La Vigorelli–Ghisallo è unione. D'anniversari – domenica sarà l'84° compleanno del Velodromo, il 14 ottobre è stato invece il dodicesimo del museo –, di spazi, di storie, soprattutto d'intenti. C'hanno messo tempo, impegno, cuore il Comitato Velodromo Vigorelli, il Museo del Ciclismo Madonna del Ghisallo, l'Upcycle Milano Bike Café. Hanno contribuito l’azienda TITICI, che produce telai in Italia dal 1961, e Faema, che fa macchine per caffé e che il ciclismo lo conosce bene, da anni, da Charly Gaul a Eddy Merckx.

 


Biciclette fuori dal Vigorelli prima della partenza della scorsa edizione


  

E' doppio percorso. A ognuno il suo secondo le proprie possibilità.
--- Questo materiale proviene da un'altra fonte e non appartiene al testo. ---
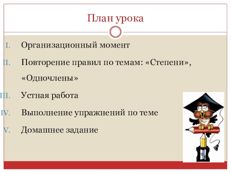 План урокаОрганизационный моментПовторение правил по темам: «Степени», «Одночлены»Устная работаВыполнение упражнений по темеДомашнее задание

Settantatré o novanta chilometri, millecento metri e spicci o millecinquecento metri e qualcosa, Asso o Bellagio. La salita c'è sempre, non c'è scampo, ma si può sceglierne il versante. L'immagine finale è la stessa. Una stradina che mette di salire e lascia intravedere il cielo, un piazzale davanti a una chiesetta a una navata con un portichetto di tre archi. I volti bronzei di Coppi, di Bartali, di Binda. E poi biciclette, un sacco di biciclette. Fuori dal museo e altrettante dentro al museo, quello che domina il lago, che non invade il panorama, lo asseconda, sfrutta il declivio, si gusta il ramo manzoniano del Lario.

 

E come Renzo e Lucia sono il Vigo e il Ghisallo, un anello meraviglioso e una salita che lo è altrettanto. Due storie che non vogliono finire, perché non possono finire, nonostante la modernità abbia provato a etichettarli come superati. Loro resistono, perché sono fatti della stessa sostanza della bicicletta, cioè passione, amore, vita e nostalgia. Loro resistono come Renzo e Lucia, Promessi sposi, loro malgrado e per loro fortuna.